But, unfortunately for Nat One, no party in Scotland is saying anything other
than exactly that. That, of course, won’t stop him and although he’s not
saying as much – at least not yet – Mr Salmond wants Scottish voters to
believe that they’ll soon have to pay to receive treatment or to visit the
doctor if they vote against separation.

That’s why, the First Minister says, he’s including this health provision in
his written constitution.

But if it isn’t some late throw of the dice to try to dig himself out of the
hole he and his campaign are in, why didn’t he include health provision in
his previous promises for a constitution?

Answer: vecause he hadn’t been in such campaign trouble back then that forced
him to try this desperate attempt to scare the voters.

A potentially much more serious threat, however, is emerging over Mr Salmond’s
cavalier insistence that “his” independent Scotland would keep the pound
even if the rest of the UK refused to allow a currency union.

This so-called “sterlingisation” option would implement his “it’s our pound
and we’re keeping it” declaration but it would mean that Scotland would have
no central bank and lender of last resort.

Asked if this might lead to a flight of capital from Scotland – in other words
a run on the banks as people rushed to get their money out of the country –
Mark Carney, the ever-cautious Bank of England governor, disclosed that he
had “contingency plans” to deal with any instability.

He also said, in as many words, that he takes his orders from his political
masters – currently the Conservative/ Liberal Democrat Coalition. They might
be replaced by Labour next year and as all three parties have declared that
they wouldn’t permit an independent Scotland to share the pound, Mr Carney’s
words – contrary to what the Nats would like us to believe – made clear that
he’d have to go along with what his bosses say.

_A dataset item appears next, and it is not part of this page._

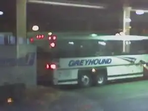 ![]() A Greyhound bus waiting at the old terminal in downtown Winnipeg | |

John Swinney, the normally sensible finance minister, appeared to take comfort
from Mr Carney’s words, which just goes to show that he’s as much afflicted
by the everything-is-fine bunker mentality that has taken hold in the Nat
higher command these days.

We can have no complaints about SNP leaders deluding themselves if that’s the
only way they can keep their spirits up but when Wee Eck and his pals try to
con the voters at the same time, that’s a much more serious matter.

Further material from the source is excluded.